» **Recorded data**:
========
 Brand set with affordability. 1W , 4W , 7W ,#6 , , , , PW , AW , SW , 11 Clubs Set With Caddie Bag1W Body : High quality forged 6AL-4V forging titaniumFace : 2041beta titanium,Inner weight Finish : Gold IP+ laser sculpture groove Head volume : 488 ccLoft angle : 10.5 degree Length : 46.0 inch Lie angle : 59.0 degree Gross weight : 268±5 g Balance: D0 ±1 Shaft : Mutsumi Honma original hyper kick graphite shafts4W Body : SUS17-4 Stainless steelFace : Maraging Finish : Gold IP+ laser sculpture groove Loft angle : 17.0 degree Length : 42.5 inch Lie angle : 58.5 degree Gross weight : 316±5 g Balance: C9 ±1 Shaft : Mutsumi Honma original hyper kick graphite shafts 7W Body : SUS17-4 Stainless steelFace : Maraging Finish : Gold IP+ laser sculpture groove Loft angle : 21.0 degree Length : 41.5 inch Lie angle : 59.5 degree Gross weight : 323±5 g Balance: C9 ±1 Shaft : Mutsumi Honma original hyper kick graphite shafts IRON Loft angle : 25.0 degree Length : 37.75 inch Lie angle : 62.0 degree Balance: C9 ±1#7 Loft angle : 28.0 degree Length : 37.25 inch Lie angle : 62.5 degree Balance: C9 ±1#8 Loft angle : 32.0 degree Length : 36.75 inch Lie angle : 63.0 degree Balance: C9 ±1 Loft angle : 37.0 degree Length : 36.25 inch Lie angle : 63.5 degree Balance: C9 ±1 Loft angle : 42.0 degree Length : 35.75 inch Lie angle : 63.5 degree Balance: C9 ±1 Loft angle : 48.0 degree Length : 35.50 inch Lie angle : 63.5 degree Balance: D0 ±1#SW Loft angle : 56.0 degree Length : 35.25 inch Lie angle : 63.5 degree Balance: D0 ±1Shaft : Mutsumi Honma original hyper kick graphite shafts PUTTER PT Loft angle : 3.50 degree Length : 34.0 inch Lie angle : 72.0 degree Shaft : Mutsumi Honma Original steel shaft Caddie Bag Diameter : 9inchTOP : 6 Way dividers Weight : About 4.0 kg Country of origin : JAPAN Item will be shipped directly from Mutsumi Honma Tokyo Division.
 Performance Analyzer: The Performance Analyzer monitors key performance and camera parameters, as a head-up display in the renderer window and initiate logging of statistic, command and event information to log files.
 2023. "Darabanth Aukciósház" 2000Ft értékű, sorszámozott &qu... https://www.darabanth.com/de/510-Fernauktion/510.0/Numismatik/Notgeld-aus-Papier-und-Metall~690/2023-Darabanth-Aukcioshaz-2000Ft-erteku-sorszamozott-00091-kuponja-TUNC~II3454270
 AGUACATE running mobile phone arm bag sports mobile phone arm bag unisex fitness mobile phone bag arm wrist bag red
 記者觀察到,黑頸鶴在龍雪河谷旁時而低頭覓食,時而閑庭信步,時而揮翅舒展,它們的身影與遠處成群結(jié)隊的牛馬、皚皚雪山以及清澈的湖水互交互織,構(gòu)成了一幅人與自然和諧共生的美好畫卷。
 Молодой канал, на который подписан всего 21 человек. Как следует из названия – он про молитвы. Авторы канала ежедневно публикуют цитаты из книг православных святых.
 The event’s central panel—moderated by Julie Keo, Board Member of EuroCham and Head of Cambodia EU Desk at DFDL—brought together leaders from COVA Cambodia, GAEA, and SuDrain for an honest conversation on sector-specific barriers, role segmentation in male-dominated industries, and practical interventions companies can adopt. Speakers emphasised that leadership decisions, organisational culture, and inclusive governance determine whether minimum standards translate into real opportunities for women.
========
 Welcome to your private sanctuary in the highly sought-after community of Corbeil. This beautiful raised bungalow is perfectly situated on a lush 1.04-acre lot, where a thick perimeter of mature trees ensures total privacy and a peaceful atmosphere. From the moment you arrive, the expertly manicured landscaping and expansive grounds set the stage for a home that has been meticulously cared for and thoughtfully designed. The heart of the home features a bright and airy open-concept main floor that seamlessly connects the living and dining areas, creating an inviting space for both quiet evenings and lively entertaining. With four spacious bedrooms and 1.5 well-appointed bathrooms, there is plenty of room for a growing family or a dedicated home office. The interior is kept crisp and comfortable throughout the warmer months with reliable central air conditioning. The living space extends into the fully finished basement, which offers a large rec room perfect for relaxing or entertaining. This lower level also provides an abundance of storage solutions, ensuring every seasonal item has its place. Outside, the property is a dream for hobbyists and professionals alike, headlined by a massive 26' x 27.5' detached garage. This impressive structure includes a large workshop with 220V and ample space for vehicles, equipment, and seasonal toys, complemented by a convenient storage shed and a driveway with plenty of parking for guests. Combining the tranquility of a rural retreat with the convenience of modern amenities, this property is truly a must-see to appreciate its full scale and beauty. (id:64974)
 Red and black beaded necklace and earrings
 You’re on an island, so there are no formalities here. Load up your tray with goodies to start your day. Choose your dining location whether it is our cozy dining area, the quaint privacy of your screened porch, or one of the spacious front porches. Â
========
Beginning with the line containing "AGUACATE running mobile" and ending with the line containing "Молодой канал, на", extract those lines exactly from the listing above, and only those.

 AGUACATE running mobile phone arm bag sports mobile phone arm bag unisex fitness mobile phone bag arm wrist bag red
 記者觀察到,黑頸鶴在龍雪河谷旁時而低頭覓食,時而閑庭信步,時而揮翅舒展,它們的身影與遠處成群結(jié)隊的牛馬、皚皚雪山以及清澈的湖水互交互織,構(gòu)成了一幅人與自然和諧共生的美好畫卷。
 Молодой канал, на который подписан всего 21 человек. Как следует из названия – он про молитвы. Авторы канала ежедневно публикуют цитаты из книг православных святых.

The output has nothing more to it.